BRIEF
The output should contain the listing word for word and no pictures.

RAW DATA
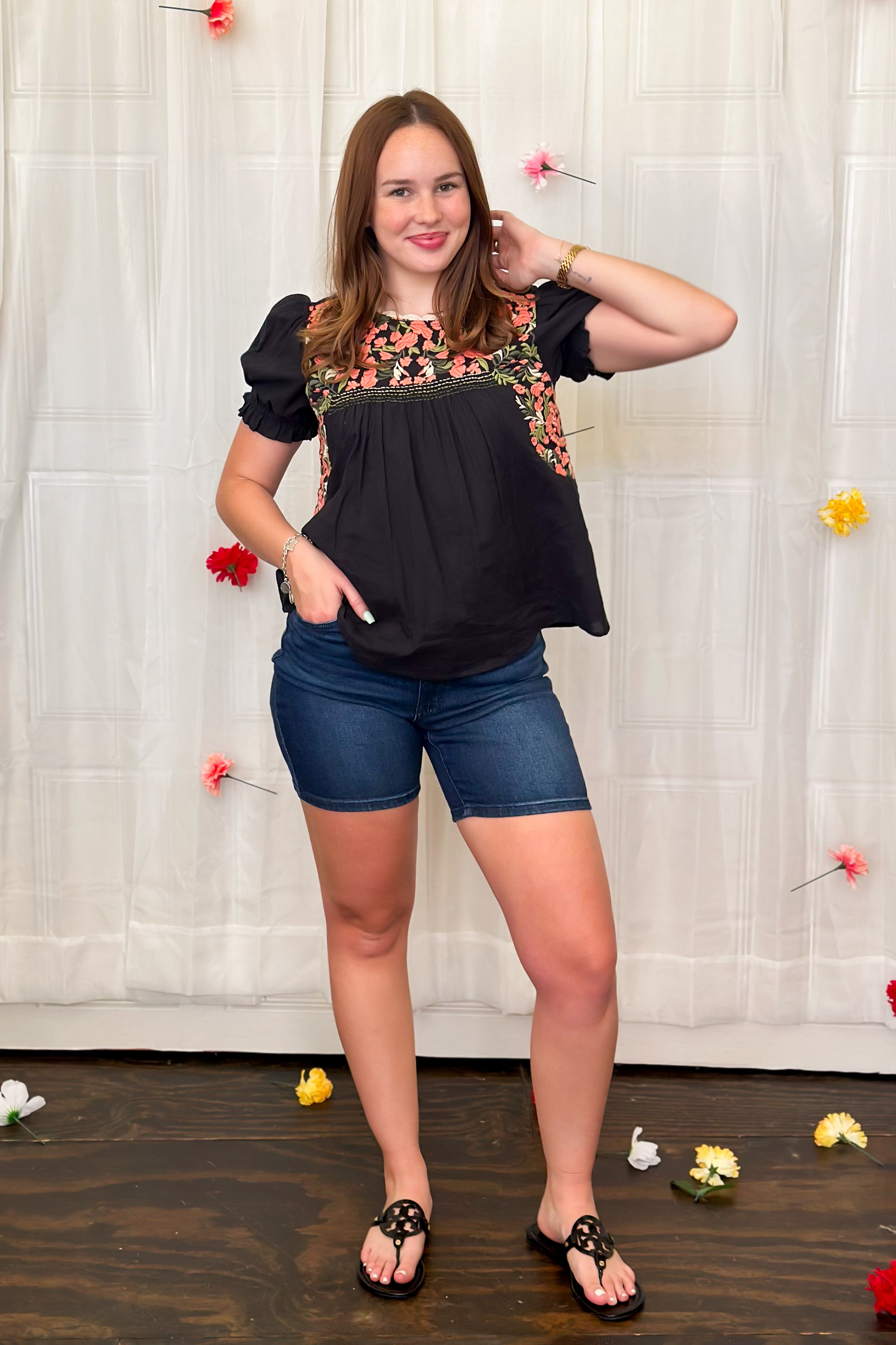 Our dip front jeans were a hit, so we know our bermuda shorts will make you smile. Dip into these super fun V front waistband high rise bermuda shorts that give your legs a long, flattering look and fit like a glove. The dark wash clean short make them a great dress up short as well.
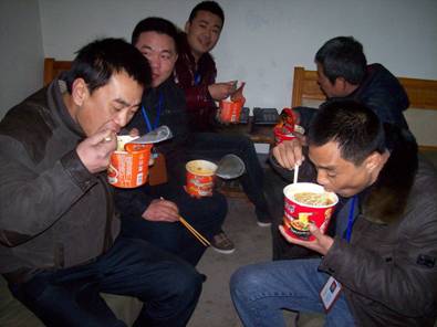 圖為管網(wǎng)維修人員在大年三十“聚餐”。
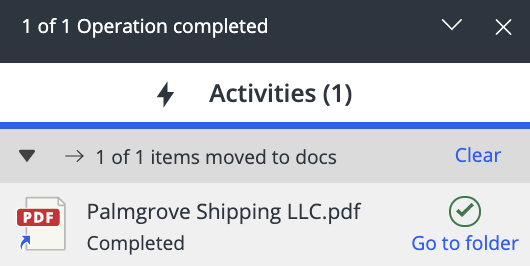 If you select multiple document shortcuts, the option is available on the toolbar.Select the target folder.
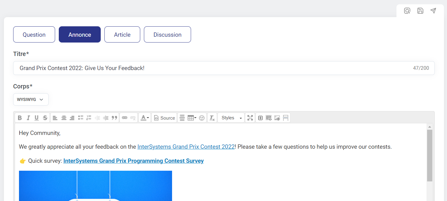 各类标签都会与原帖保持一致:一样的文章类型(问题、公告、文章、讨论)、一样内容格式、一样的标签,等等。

RESPONSE AREA
 Our dip front jeans were a hit, so we know our bermuda shorts will make you smile. Dip into these super fun V front waistband high rise bermuda shorts that give your legs a long, flattering look and fit like a glove. The dark wash clean short make them a great dress up short as well.
 圖為管網(wǎng)維修人員在大年三十“聚餐”。
 If you select multiple document shortcuts, the option is available on the toolbar.Select the target folder.
 各类标签都会与原帖保持一致:一样的文章类型(问题、公告、文章、讨论)、一样内容格式、一样的标签,等等。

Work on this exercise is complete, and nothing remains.